- [TASK PROMPT] Under this line sits a listing. Repeat exactly and only its lines from the one holding "図1 事業予定地位置図" through the one holding "Сл. 4. Злокуќани"; skip pictures.

- [SOURCE INFORMATION]

----

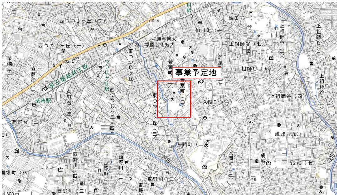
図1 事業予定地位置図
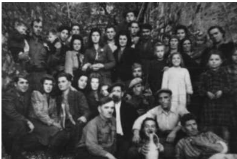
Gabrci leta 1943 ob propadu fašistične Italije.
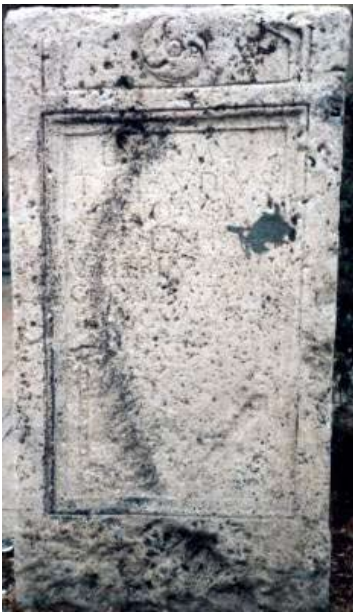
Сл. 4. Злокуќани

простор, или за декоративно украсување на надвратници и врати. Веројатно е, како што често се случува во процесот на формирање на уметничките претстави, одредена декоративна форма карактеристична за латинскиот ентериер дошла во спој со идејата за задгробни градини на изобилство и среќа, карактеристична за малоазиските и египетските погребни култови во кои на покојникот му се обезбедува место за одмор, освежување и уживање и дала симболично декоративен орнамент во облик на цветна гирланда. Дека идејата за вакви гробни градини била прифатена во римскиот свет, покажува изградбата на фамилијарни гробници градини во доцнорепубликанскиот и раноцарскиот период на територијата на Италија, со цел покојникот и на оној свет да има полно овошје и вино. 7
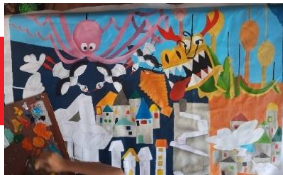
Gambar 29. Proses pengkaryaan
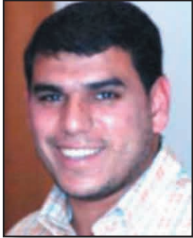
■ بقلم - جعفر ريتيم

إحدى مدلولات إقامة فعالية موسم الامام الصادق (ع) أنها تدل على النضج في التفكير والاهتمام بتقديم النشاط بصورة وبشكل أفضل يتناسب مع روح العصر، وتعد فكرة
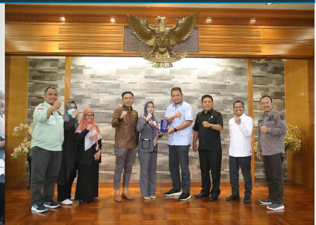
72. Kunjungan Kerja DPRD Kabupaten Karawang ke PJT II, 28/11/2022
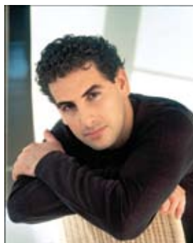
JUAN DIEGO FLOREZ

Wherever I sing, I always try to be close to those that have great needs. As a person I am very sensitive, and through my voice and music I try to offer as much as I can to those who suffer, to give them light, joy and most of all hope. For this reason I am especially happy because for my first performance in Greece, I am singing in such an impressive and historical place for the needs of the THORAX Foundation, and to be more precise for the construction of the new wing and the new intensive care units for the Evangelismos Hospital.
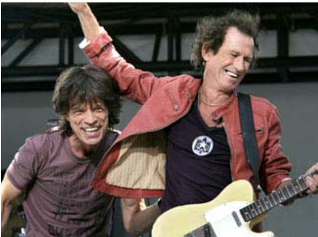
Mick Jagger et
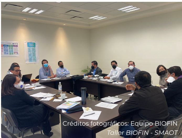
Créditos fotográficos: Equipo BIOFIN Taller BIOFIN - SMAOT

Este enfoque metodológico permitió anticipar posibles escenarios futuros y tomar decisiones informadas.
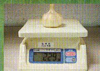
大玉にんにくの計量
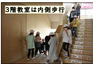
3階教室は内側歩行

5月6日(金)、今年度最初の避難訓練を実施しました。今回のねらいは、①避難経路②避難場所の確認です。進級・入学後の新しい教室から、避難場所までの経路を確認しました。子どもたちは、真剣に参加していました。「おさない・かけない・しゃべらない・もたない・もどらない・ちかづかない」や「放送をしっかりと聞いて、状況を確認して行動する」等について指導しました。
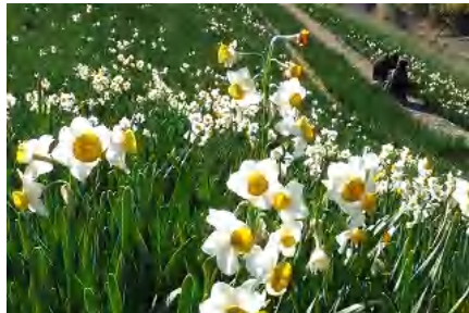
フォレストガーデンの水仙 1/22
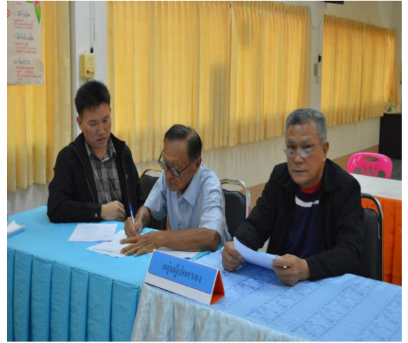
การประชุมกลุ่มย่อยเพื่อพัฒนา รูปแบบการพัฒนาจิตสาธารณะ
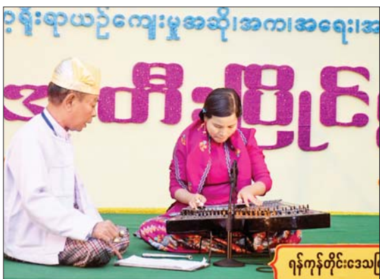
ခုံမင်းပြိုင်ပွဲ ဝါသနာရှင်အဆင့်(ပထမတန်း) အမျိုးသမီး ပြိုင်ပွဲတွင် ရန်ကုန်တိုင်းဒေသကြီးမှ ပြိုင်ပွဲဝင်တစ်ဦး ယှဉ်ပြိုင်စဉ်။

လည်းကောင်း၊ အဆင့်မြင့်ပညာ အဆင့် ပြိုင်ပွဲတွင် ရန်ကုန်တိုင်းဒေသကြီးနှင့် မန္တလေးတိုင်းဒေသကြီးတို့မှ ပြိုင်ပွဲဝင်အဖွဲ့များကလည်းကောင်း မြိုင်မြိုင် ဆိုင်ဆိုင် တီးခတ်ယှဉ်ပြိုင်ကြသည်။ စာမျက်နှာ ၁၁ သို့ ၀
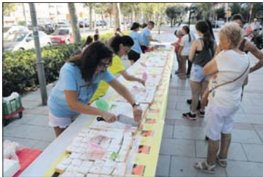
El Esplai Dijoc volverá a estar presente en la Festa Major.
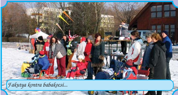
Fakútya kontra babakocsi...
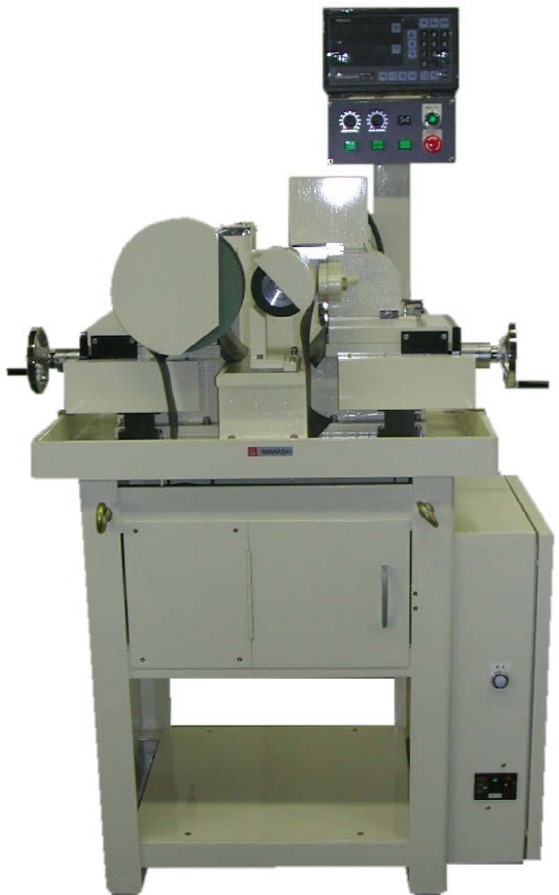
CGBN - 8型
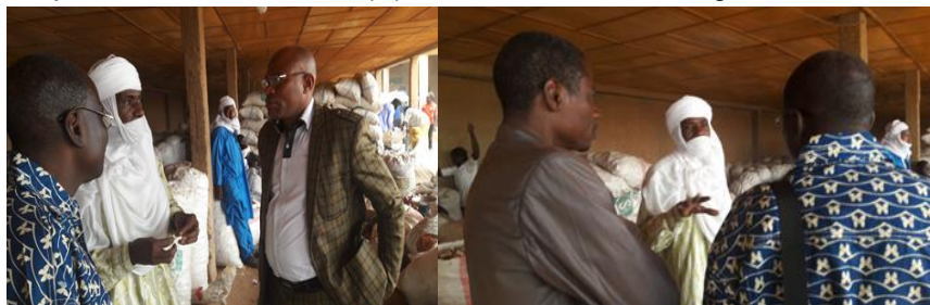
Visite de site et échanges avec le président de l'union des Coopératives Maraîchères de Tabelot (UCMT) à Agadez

----

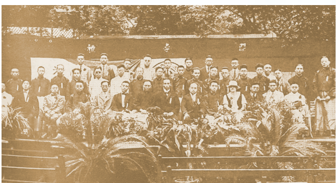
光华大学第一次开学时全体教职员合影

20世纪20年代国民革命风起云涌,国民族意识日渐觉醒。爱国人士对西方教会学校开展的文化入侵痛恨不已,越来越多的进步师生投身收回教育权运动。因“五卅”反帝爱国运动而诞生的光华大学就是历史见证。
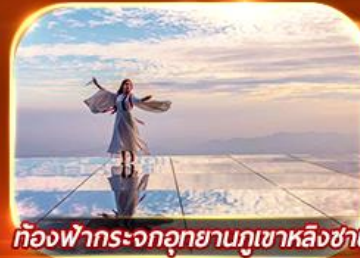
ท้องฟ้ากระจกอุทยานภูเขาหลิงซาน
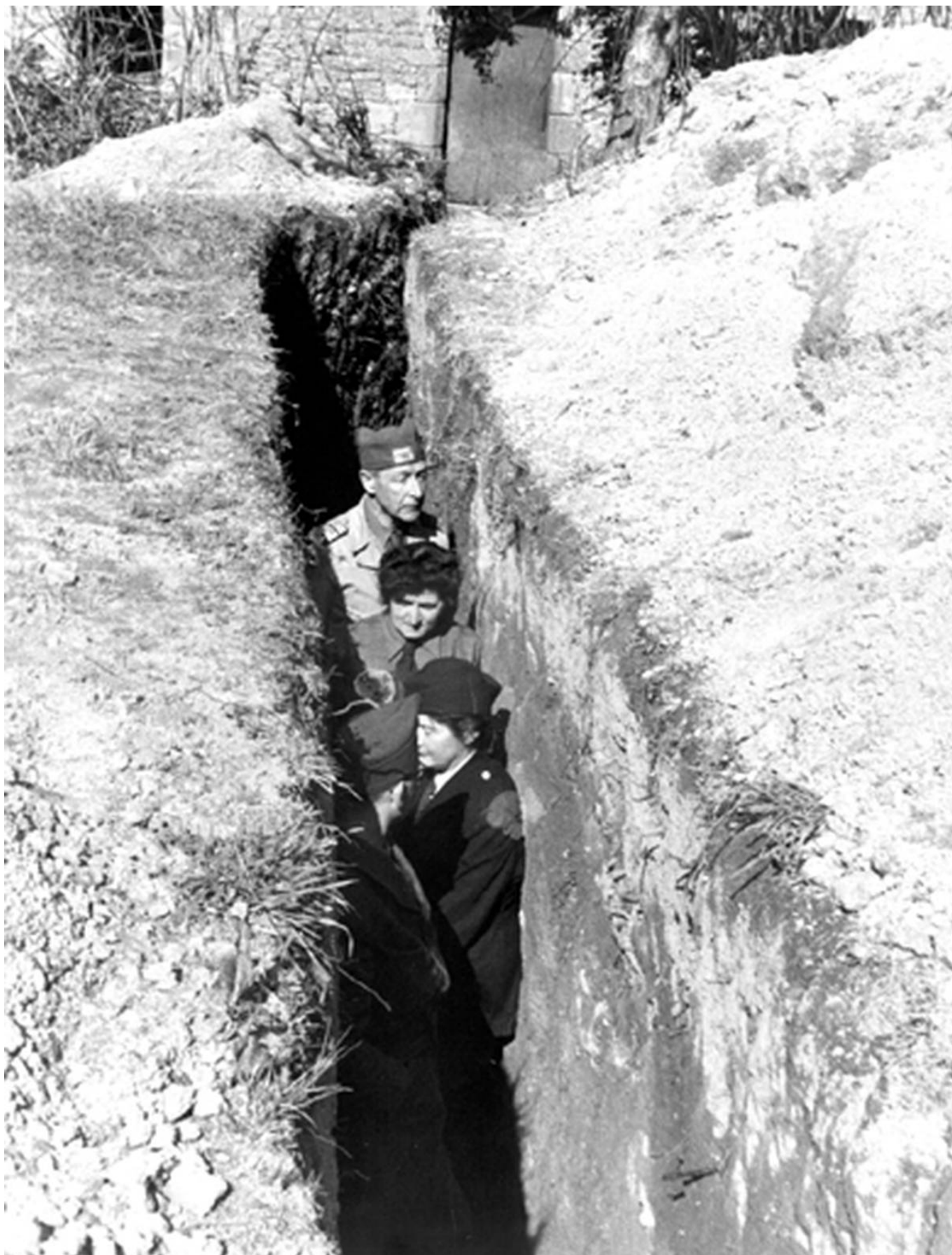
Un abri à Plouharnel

----

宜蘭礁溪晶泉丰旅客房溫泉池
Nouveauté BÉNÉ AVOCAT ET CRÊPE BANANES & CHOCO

----

- [EXPECTED ANSWER]
図1 事業予定地位置図
Gabrci leta 1943 ob propadu fašistične Italije.
Сл. 4. Злокуќани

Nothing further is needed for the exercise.